HC Deb 20 April 1959 vol 604 cc25-6
42 Mr. Ronald Bell

asked the Minister of Health (1) how many appointments of anaesthetist registrars exist in respect of Iver Cottage Hospital, Buckinghamshire; what remuneration has been paid in respect of them since 1st January, 1956; and on how many occasions the services of the persons holding these appointments have been called upon;

(2) what was the cost of converting part of Iver Cottage Hospital, Buckinghamshire, into a children's hospital; when this was done; and how many children have since been admitted;

(3) whether he will arrange for the Iver Cottage Hospital, Buckinghamshire, to be restored to use as a local hospital, and preferably as a maternity hospital.

The Parliamentary Secretary to the Ministry of Health (Mr. Richard Thompson)

One general practitioner attends twice weekly as part-time anaesthetics registrar and for other duties, his remuneration for anaesthetics being inseparable from that for his other work. In 1952, £1,158 was spent on part of the building intended to be used for children, of whom twenty-one have been admitted. The regional hospital board has reluctantly reached the conclusion that the difficulties of staff recruitment prevent the further use of the building as a hospital, and it is consulting local interests about its closure. Its intention is that it should be adapted as a preliminary training school for nurses for the hospital group.

Mr. Bell

May.

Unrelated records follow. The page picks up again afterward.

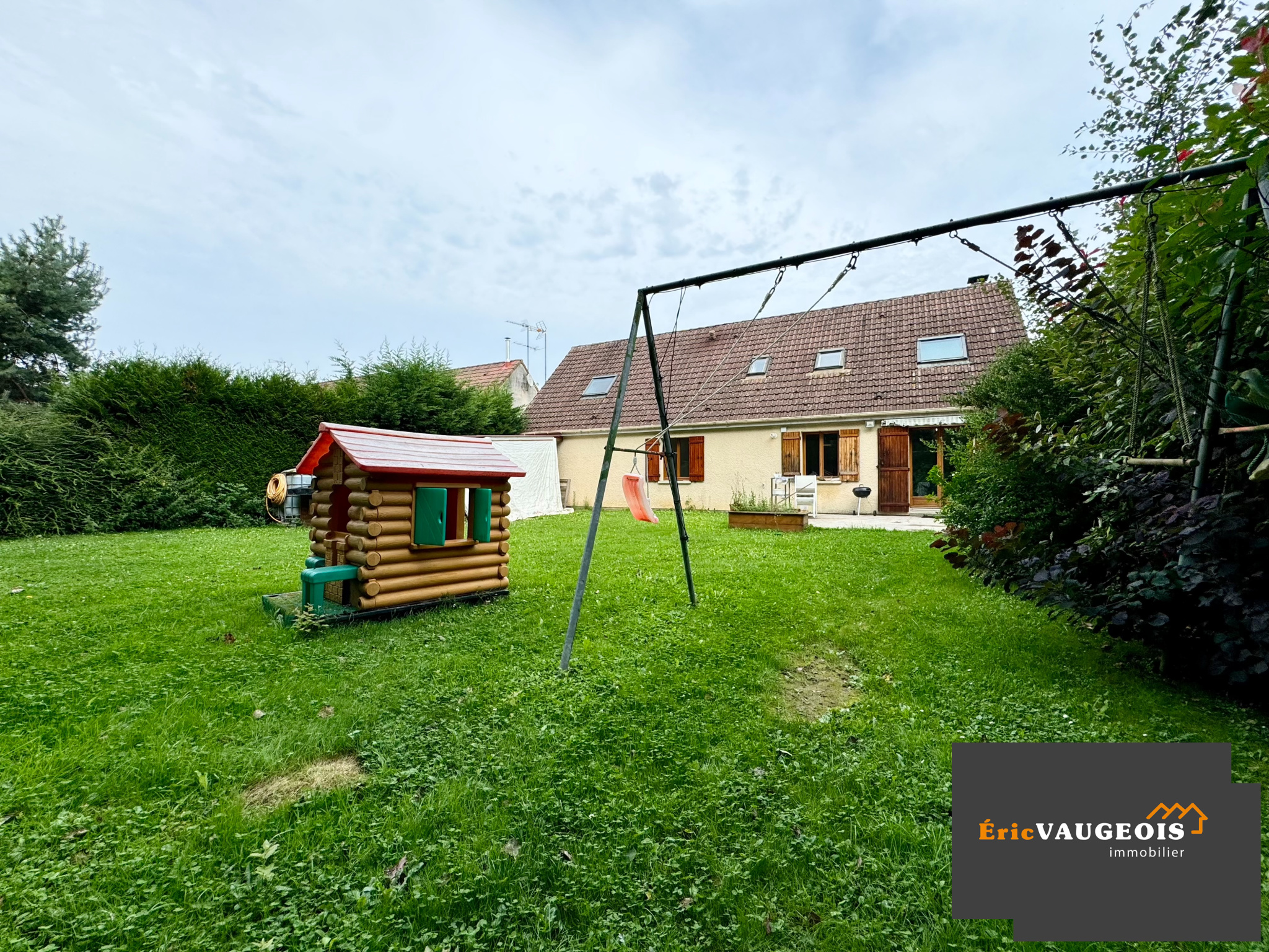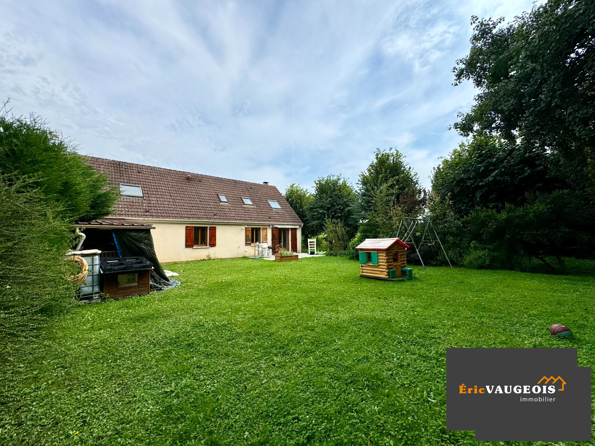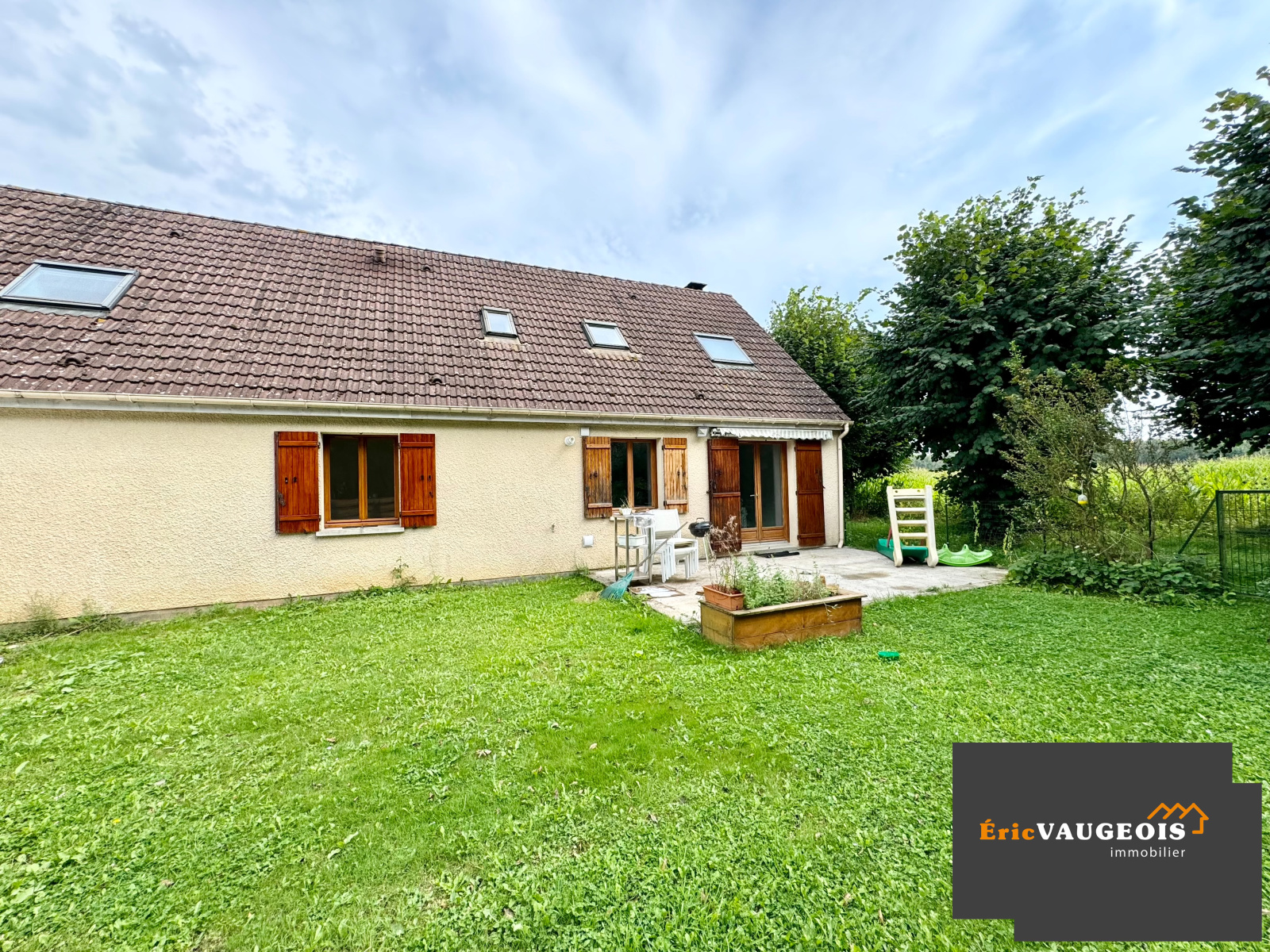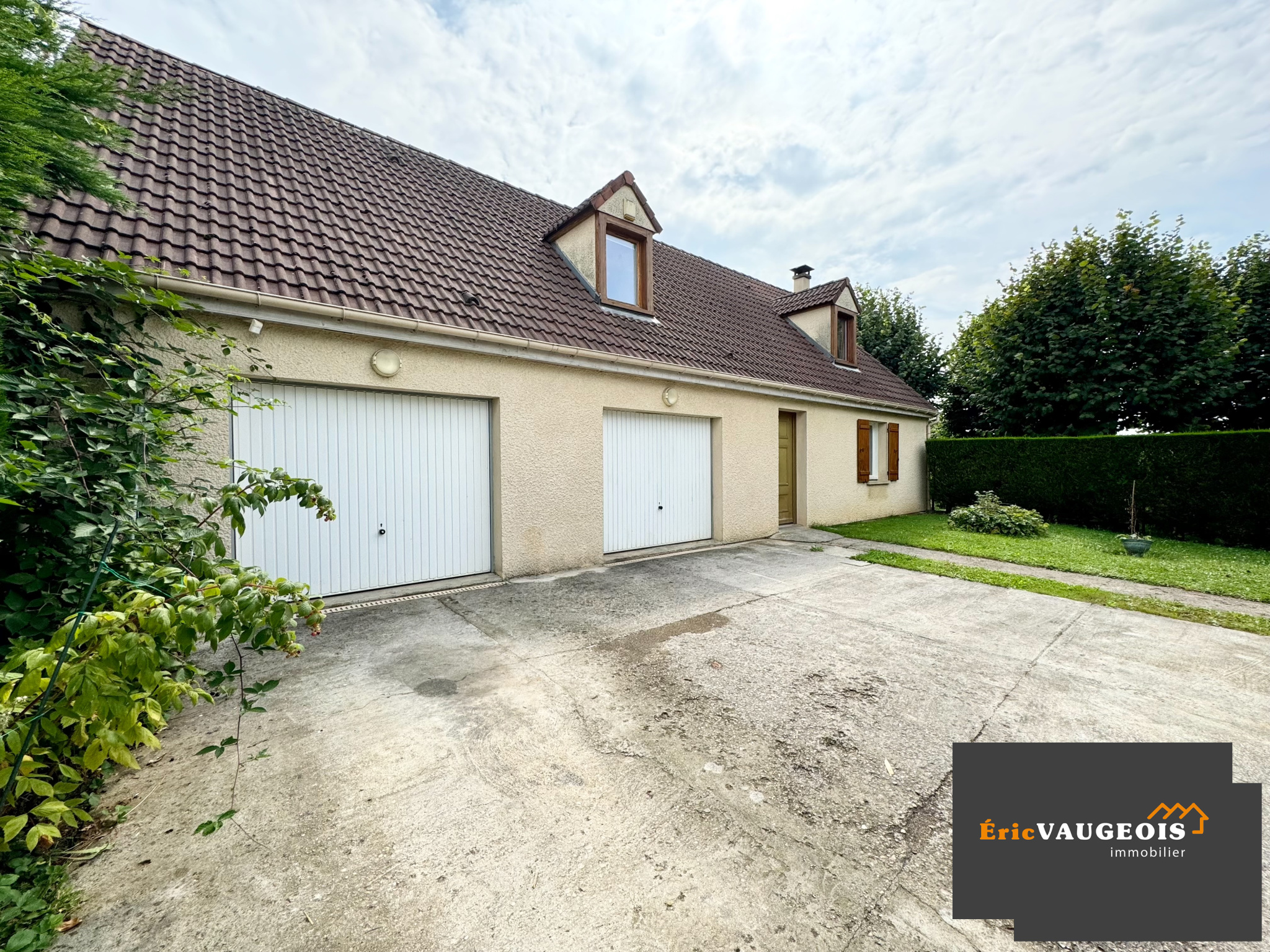 SOUS COMPROMIS DE VENTE !!! Eric VAUGEOIS immobilier à Coulommiers au milieu de la rue piétonne. Eric VAUGEOIS vous propose dans un village proche de Coulommiers et de la N4 cette grande maison indépendante (DPE : C) de 132 m² environ édifiée en 2000 dans un quartier résidentiel calme. Elle se compose : Entrée - Grand séjour lumieux - Cuisine ouverte aménagée et équipée - WC séparé - Suite parentale avec sa salle d'eau et meuble vasque. Etage : Dégagement central - 4 chambres - Salle de bains avec meuble vasque - WC séparé. 2 Garages. Equipements : Fenêtres double vitrage. Chauffage central avec production d'eau chaude par chaudière gaz. Poêle à bois. Raccordé au tout-à -l'égout conforme. Internet très haut débit par FIBRE. Extérieurs : Terrasse. Terrain de 669 m² environ plat, clos, au calme et sans vis-à -vis. Taxe foncière de 1500 E/an. À visiter sans tarder !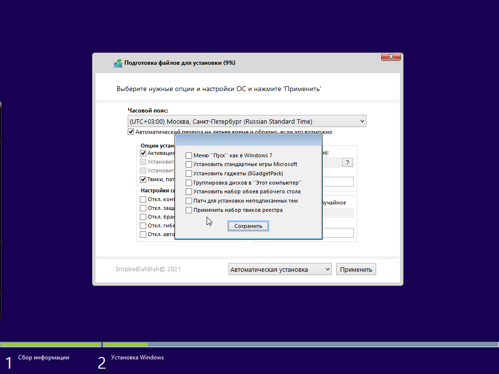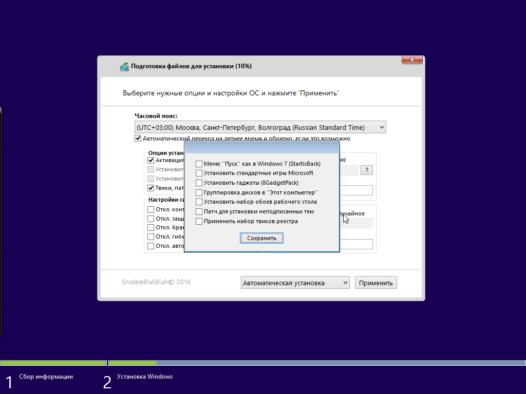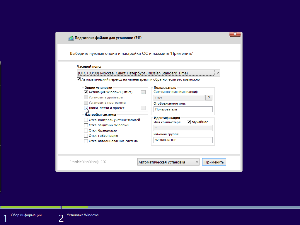 При распаковке файлов ОС, в установленный раздел компьютера, появляется интерфейс Настройка установки.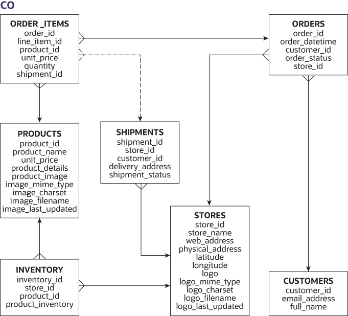 - Customer Orders (co)スキーマ は、E-Commerceのトランザクションのデモに役立つ最新のスキーマです。JSONを使用して半構造化データを保存できます。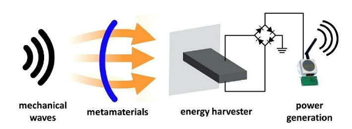 메타 에너지 하베스팅 시스템의 모식도. 기계적 에너지원에서 발생하는 파장을 메타물질로 모은 다음 압전소자 기반의 에너지 하베스팅을 통해 전기를 생산한다. (사진=한국표준과학연구원 제공)

I say that the adaptation of this place for use as a children's hospital occurred in 1952 and that 21 children have since been admitted. If that is the correct date, does not my hon. Friend think that it would be a good idea to try to use the building for the purpose for which it was designed rather than to spend more money on adapting it for yet another use? Will he also bear in mind that this hospital was built as a local hospital, with money collected locally, before the hospitals were nationalised under the Health Act?

Mr. Thompson

Yes, Sir, but my hon. Friend should not conclude that because the admission of children has been disappointing the hospital has not been in use. There has been a considerable outpatient admission, although the last inpatient was admitted in June, 1957. The Board has been trying to recruit more staff, which is the basis of its difficulties, in consultation with the parish council and with the co-operation of the local Press. The Board was very reluctant to close the hospital while any hope of success remained.